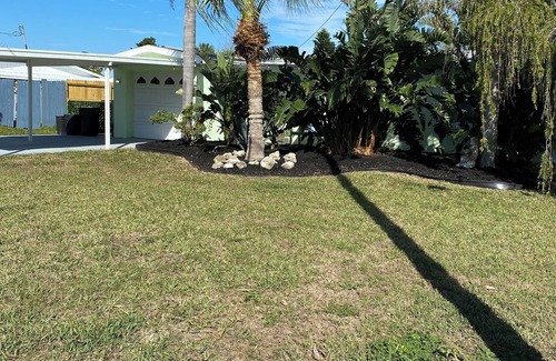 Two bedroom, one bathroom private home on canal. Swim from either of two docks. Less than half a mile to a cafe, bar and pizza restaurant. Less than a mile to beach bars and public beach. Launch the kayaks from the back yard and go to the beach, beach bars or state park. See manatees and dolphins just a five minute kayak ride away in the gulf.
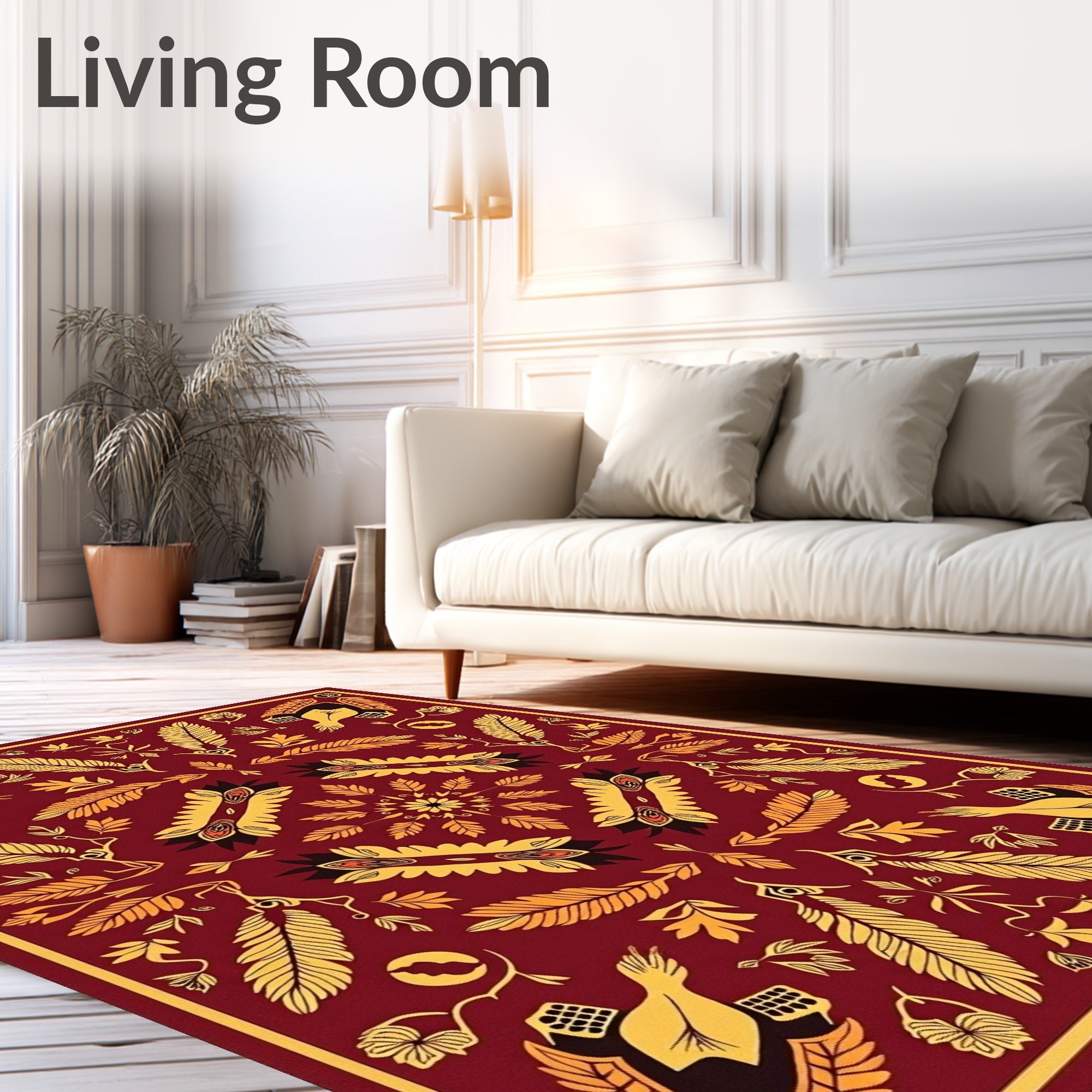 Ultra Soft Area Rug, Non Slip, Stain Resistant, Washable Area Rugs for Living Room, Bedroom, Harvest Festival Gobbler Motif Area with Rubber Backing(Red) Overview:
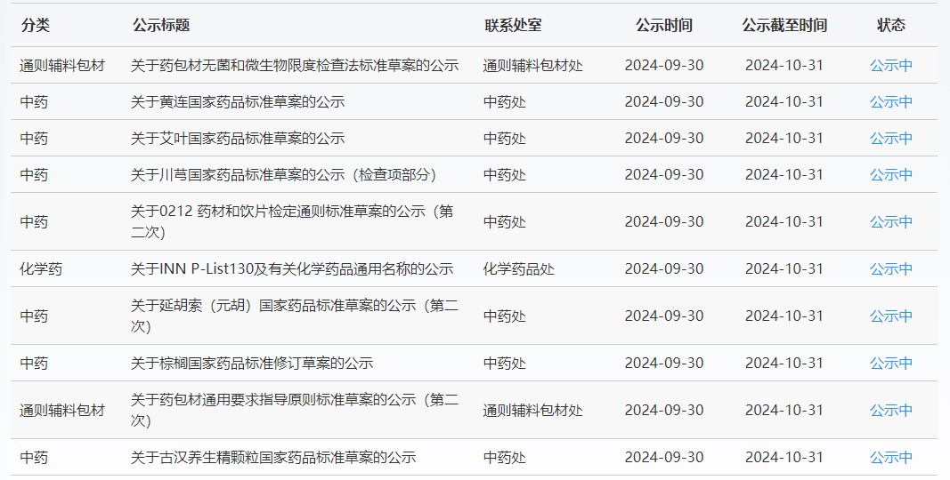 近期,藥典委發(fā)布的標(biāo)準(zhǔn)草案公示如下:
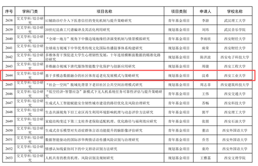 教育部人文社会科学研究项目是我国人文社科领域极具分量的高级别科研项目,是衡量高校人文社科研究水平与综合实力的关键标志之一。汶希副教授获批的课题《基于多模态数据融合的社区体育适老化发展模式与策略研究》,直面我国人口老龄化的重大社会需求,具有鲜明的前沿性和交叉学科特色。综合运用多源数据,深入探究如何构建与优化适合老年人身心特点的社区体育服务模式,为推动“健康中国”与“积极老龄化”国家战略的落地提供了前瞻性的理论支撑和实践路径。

• • •

Repeat the data word for word, excluding any image.

 Two bedroom, one bathroom private home on canal. Swim from either of two docks. Less than half a mile to a cafe, bar and pizza restaurant. Less than a mile to beach bars and public beach. Launch the kayaks from the back yard and go to the beach, beach bars or state park. See manatees and dolphins just a five minute kayak ride away in the gulf.
 Ultra Soft Area Rug, Non Slip, Stain Resistant, Washable Area Rugs for Living Room, Bedroom, Harvest Festival Gobbler Motif Area with Rubber Backing(Red) Overview:
 近期,藥典委發(fā)布的標(biāo)準(zhǔn)草案公示如下:
 教育部人文社会科学研究项目是我国人文社科领域极具分量的高级别科研项目,是衡量高校人文社科研究水平与综合实力的关键标志之一。汶希副教授获批的课题《基于多模态数据融合的社区体育适老化发展模式与策略研究》,直面我国人口老龄化的重大社会需求,具有鲜明的前沿性和交叉学科特色。综合运用多源数据,深入探究如何构建与优化适合老年人身心特点的社区体育服务模式,为推动“健康中国”与“积极老龄化”国家战略的落地提供了前瞻性的理论支撑和实践路径。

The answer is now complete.